İçinde bir gölge olan ev

Bir bloğu işgal eden ve Callejón de Bodegones ve Calle de la Campana'yı çevreleyen evin üç kata, bir koridora, bir verandaya ve kapalı bir çatı terasına bölünmüş yirmi beş odası vardı. Düzensiz basamakları, köşeleri ve girintileri, sivri odaları, dar, ferah ve yüksek tavanlı olduğu karanlık koridorlardan oluşan bir labirentti. Güneşli günlerde, Santo Tomé Kilisesi'nin Mudejar kulesinin yükselen tuğla perdesi ve kemerleri cepheye gölge düşürüyor. Kışın kalın bir bulut gibi eve giren bir gölge.

İçinde yaşayan aile gibi biraz kaotik bir evdi. XNUMX. yüzyılda inşa edilmiş, bölmeler eklenmiş, pencereler açılmış, balkonları kör etmiş, bakış açılarını desteklemiş, tavanları kırmış, çatı pencereleri oluşturmuş, derisini değiştirmiş, yüzünü yıkamış, gövdesinden kablo ve boru geçirmiş, yüzyıllar boyunca odaları yeniden biçimlendirmiştir.

Savaşların, sırların, ölümlerin, komploların, korkunç duvarlarında saklanan el yazmalarının ve belgelerinin, duaların, boğuk çığlıkların ve mırıltıların, gözyaşlarının ve gülümsemelerin ağırlığı olan bir ev.

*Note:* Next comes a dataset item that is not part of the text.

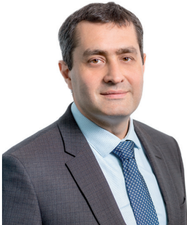
Данііл Майданік Почесний Президент Асоціації газовидобувних компаній України

«Цей рік буде визначальним для майбутнього вітчизняного газовидобутку. Індустрія очікує на значну пропозицію нових блоків та ділянок з боку держави, які пропонуються шляхом нафтогазових онлайн-аукціонів та конкурсів УРП. Нові площі як повітря потрібні для подальшого зростання видобутку газу, що дозволить залучити в галузь нові інвестиції та сучасні технології, без яких розвиток індустрії неможливий.

Ana cepheye gömülü, zamanla hırpalanmış bir karoda, "Ben Başpiskoposluğun Vaizliğindenim" yazıyordu. El whoro del Conde de Orgaz'dan bazı karakterlerin yaşayabildiği bir ev, savaşı asan marangoz Cardeñas ve diğer kararlı cumhuriyetçilerin indirip şiltelerle örttüğü bir tablo, böylece Francocu hava kuvvetleri, Kızılderililerin kurtuluşundan endişe duyuyordu. Alcázar onu yok etmeyecekti.